• **Data extract**:

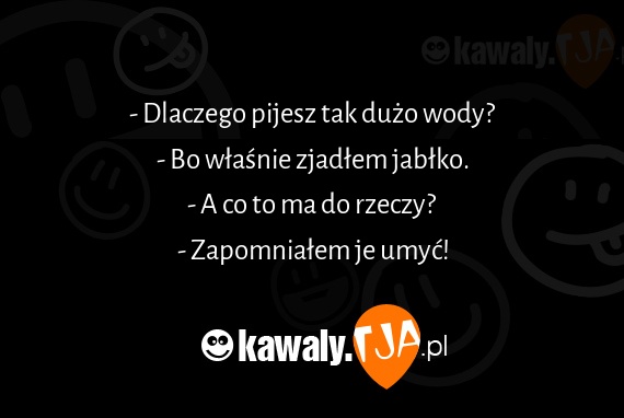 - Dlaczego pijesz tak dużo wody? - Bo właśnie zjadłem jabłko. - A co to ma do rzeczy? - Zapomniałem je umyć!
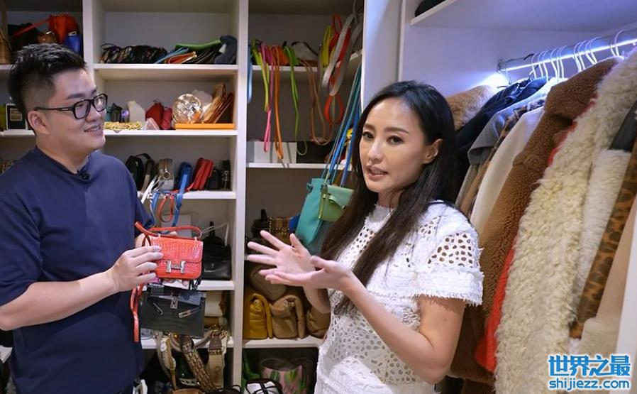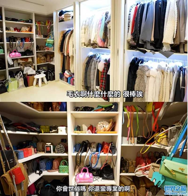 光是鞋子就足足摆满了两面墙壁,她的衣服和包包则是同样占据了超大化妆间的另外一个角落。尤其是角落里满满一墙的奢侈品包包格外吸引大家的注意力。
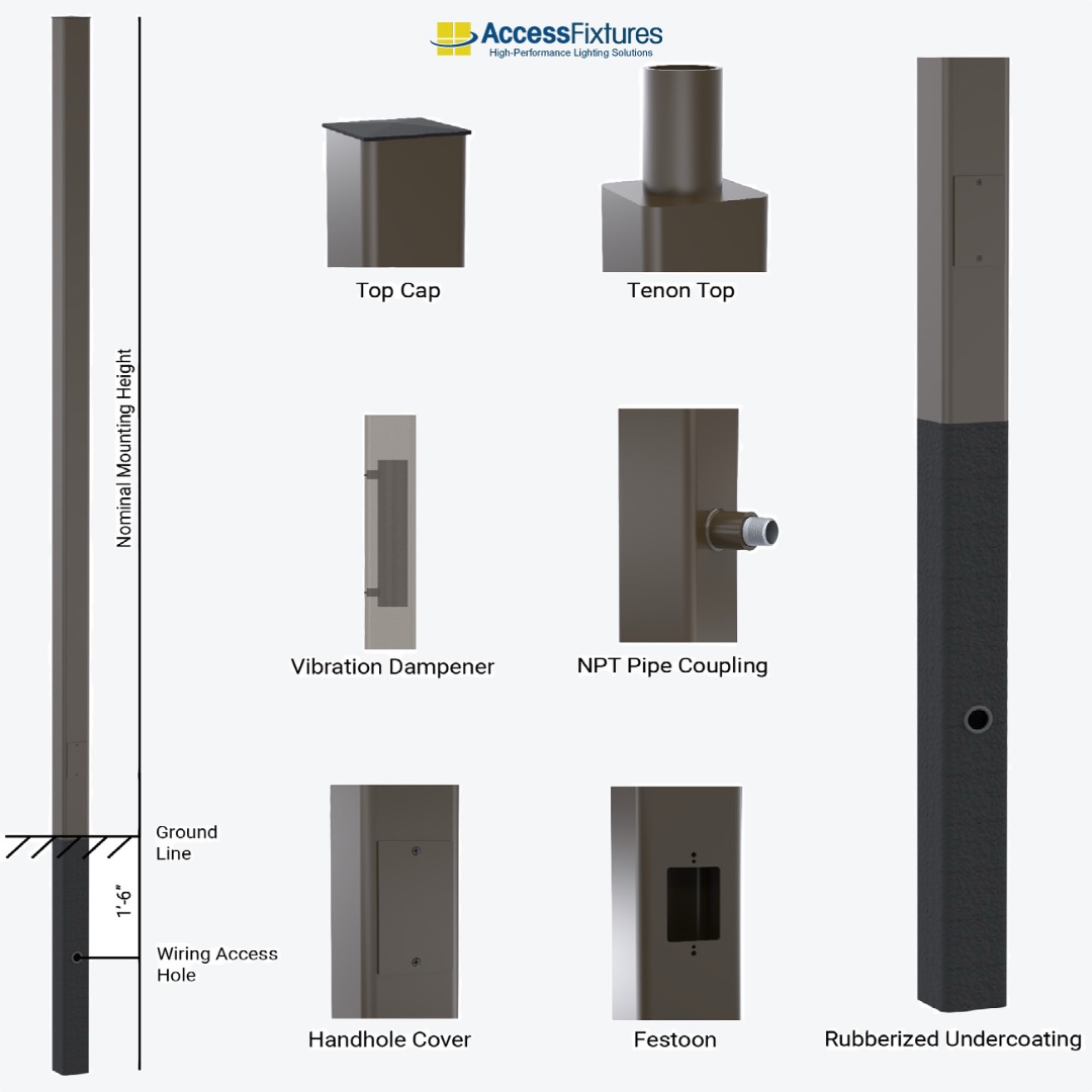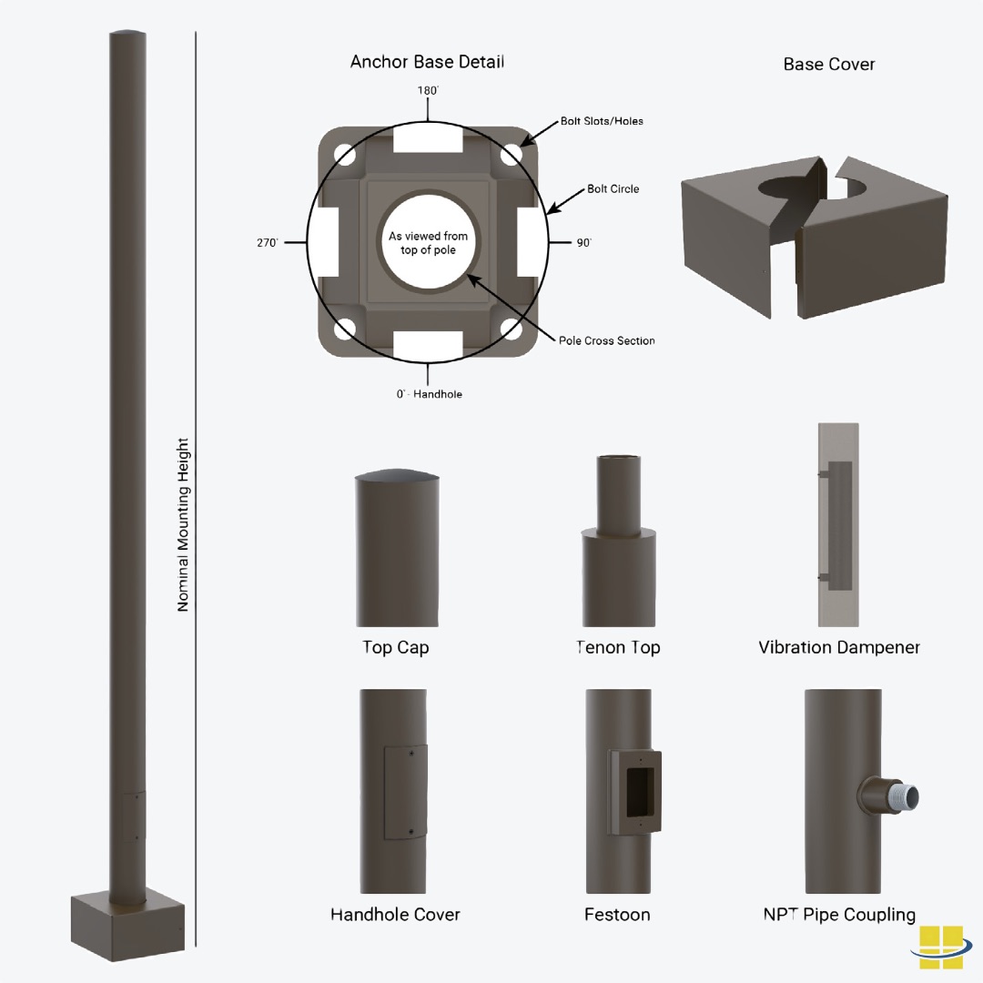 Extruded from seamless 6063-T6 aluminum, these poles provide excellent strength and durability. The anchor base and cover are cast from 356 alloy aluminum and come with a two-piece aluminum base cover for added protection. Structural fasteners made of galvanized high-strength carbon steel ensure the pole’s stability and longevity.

• **How to complete this task**: Your copy should match the material above exactly, minus its pictures.

• **Response box**:
 - Dlaczego pijesz tak dużo wody? - Bo właśnie zjadłem jabłko. - A co to ma do rzeczy? - Zapomniałem je umyć!
 光是鞋子就足足摆满了两面墙壁,她的衣服和包包则是同样占据了超大化妆间的另外一个角落。尤其是角落里满满一墙的奢侈品包包格外吸引大家的注意力。
 Extruded from seamless 6063-T6 aluminum, these poles provide excellent strength and durability. The anchor base and cover are cast from 356 alloy aluminum and come with a two-piece aluminum base cover for added protection. Structural fasteners made of galvanized high-strength carbon steel ensure the pole’s stability and longevity.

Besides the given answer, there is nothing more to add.